When many people think of cryptocurrency, they think of Bitcoin and its headline-grabbing price swings. They might also think of using crypto to send or receive electronic payments, similar to other services like PayPal.
Many people are still unaware of the vigorous pace of innovation in the crypto space. The world of cryptocurrency has moved far beyond digital payment systems or stores of value.
In this article, we’ll explore some of the common use cases for cryptocurrency and where it’s heading in the future.
The unknown creator of Bitcoin, Satoshi Nakomoto, released a whitepaper in 2008 that outlined a vision for a new financial system – free from centralized governance. It would enable people to conduct direct, peer-to-peer transactions with anyone in the world.
It proved to be a revolutionary idea and spawned a thriving industry dedicated to the advancement of cryptocurrency. Every day, new projects are being developed that demonstrate cryptocurrency's increasing relevance to our lives. Crypto has evolved beyond digital cash to include the use cases listed below
Using crypto to pay for something online is still one of its most common uses. Cryptocurrency’s inherent characteristics make it safe to use and protect the user’s privacy.
For example, when you conduct an online transaction with crypto, your private information isn’t attached to the transaction. As a result, your data can’t be sold to advertisers, banks, or credit agencies. This reduces the risk of identity theft or personal data leaks.
Crypto is especially well suited to sending large amounts of money across borders. Suppose you wanted to send money to a relative in a foreign country using a bank or remittance provider. This process requires extensive verification, potentially large fees, and waiting for up to a week or more for processing. With crypto, your funds can be deposited directly into your relative’s account in minutes and cost minimal fees.
However, there’s still a long way to go before you can use crypto to pay for cereal at the supermarket, and an increasing proportion of cryptocurrency transactions now occur within the crypto world itself. Most native tokens on a blockchain like Ethereum have specific uses within that platform. They’re used to pay transaction fees, distribute rewards, and perform other utilities.
Since a central authority doesn’t govern public blockchain networks, how do participants agree on upgrades or platform developments? The answer is governance tokens. By holding these tokens, participants can vote on decisions that determine the future of a crypto project.
The idea of community governance is essential to many decentralized finance platforms. When a protocol implements this form of decision-making, it’s referred to as a decentralized autonomous organization (DAO).
To be self-sufficient, blockchain networks need to incentivize participation and pay for on-chain transactions. That’s where network fuel comes in. Just like an automobile, the network requires a power source. Users pay for the computing resources needed to power the network in the form of transaction fees.
For example, if you want to execute a smart contract on Ethereum, you’ll need to pay the associated gas fee.
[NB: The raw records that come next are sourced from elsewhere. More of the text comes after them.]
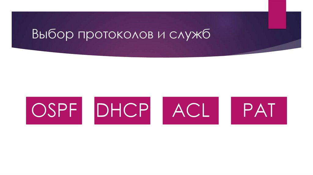 Выбор протоколов и службOSPF DHCP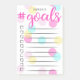 Colourful to do list notepad with handy checkboxes where you can tick off each completed task like a champ! #goals is written in pink against a confetti-strewn background in yellow, pink, and turquoise. Personalise with your name.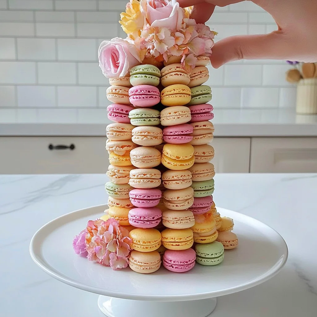This delightful macaron tower recipe yields about 4 servings—perfect for sharing with friends or family during celebrations! Keep in mind that each serving contains approximately 250 calories, making these treats both elegant and indulgent without overdoing it!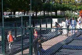 Il n’y a pas que des bassins aux Tuileries, ni le Louvre ou la Concorde à chaque extrémité. Bon il vrai que tout est splendide, qu’on se prend à rêver au fait que l’on est dans des jardins royaux mais nos chères têtes blondes, elles, gardent en eux cette capacité à s’ennuyer nous rappelant à l’ordre. Alors on file aux Trampo. Les voilà donc en chaussettes ou pied nus à rebondir sur de petits trampolines individuels, riant, tombant… Bref, vidant un trop plein d’énergie. Pendant ce temps-là, c’est le moment pour nous de bouquiner tout en n’oubliant pas de les admirer tout de même… Juste à côté, un espace avec des jeux, tourniquets, pont en corde, et drôles de balançoires finiront de les contenter à moins qu’on ne cède aussi aux supplications pour un tour de manège ou une ballade en poney…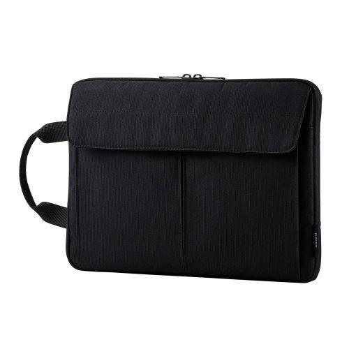 ■ケース前面には、用途に応じて使い分けできる2つの仕分けポケットがあり、マチ付きでマウスなど厚みがある小物の収納に便利です。 ■前面ポケットはワンタッチで大きく開く面ファスナー開閉式のフタ付きで、カバンの中で中身がこぼれ落ちる心配もありません。 ■気室が大きく開閉して収納物の出し入れがしやすい、ダブルファスナー仕様のL字開閉設計です。 ■ハンドル付きで、カバンに入れていても取り出しやすいです。 ■パソコンを衝撃や傷から守る、やわらかなクッション素材を使用しています。 ■軽量でスリムな設計なので、カバンに入れてもかさばりません。 ■外形寸法:W約328mm×D約20mm×H約240mm ※ハンドル含まず ■内寸:W約308mm×D約18mm×H約220mm ※13.3インチノートパソコンの参考収納寸法 ■対応モデル:13.3インチまでのノートパソコン ■パソコン収納部内寸備考:※W約308mm×D約18mm×H約220mmが対応端末サイズとして最大です。これより小さい寸法の端末の収納に対応します。一部の端末は対応しない場合があり、保証の限りではありません。 ■ポケット(前面):オープンポケット×2(フラップ付き) ■カラー:ブラック ■材質:ポリエステル ■重量:約220g
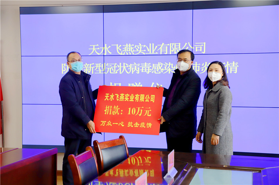 秦州區(qū)融媒體中心2月15日訊 在全區(qū)上下齊心協(xié)力開展新冠肺炎疫情防控的關(guān)鍵時刻,天水市飛燕實業(yè)有限公司為秦州區(qū)紅十字會捐款人民幣10萬元,以實際行動支持秦州區(qū)新冠肺炎疫情防控工作。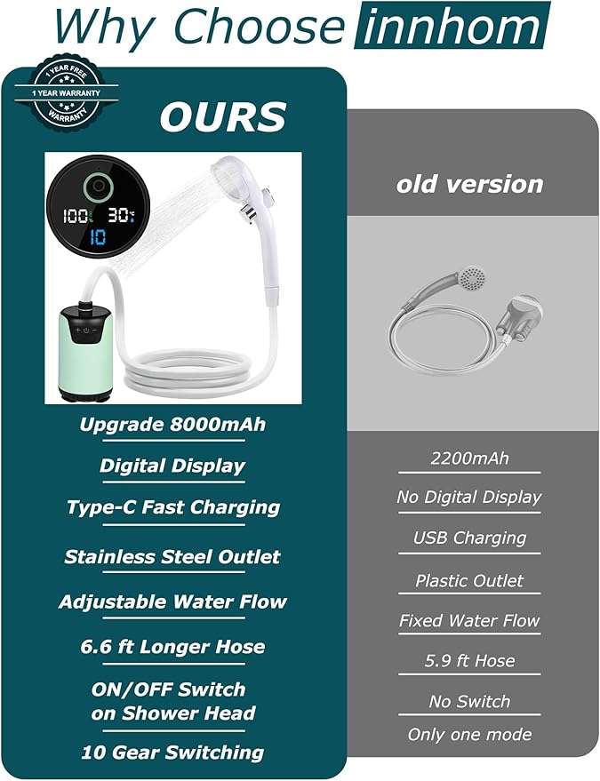 - Rechargeable 8000mAh Battery & 180 Minutes Runtime: innhom portable shower for camping equipped with a 8000mAh battery capacity and can work continuously up to 180 minutes on a full charge in 3-4 hours. Our camping shower features a Type-C port, it supports multiple charging methods, which can be charged with cell phone adapter (5V-2A), power banks, laptop, car USB output. Plus, the waterproof silicone cover enhances safety for outdoor adventures.

The fee amount depends on the size of the transaction and is paid in ETH or GWEI, the network’s native tokens.
Gold reserves no longer back fiat currency. This means centralized banks can print as much money as they want which can result in high levels of inflation.
In contrast, cryptocurrency is often seen as a hedge against inflation because many coins have built-in mechanisms restricting inflation and preserving scarcity. Bitcoin, for example, has a supply cap of 21 million BTC. Since it’s such a scarce resource and has significantly increased in value over time, many refer to it as ‘digital gold.’
Stablecoins, such as USDC or USDT, are pegged to the value of the US dollar. As a result, they can be used as a savings mechanism or used for trading across blockchains.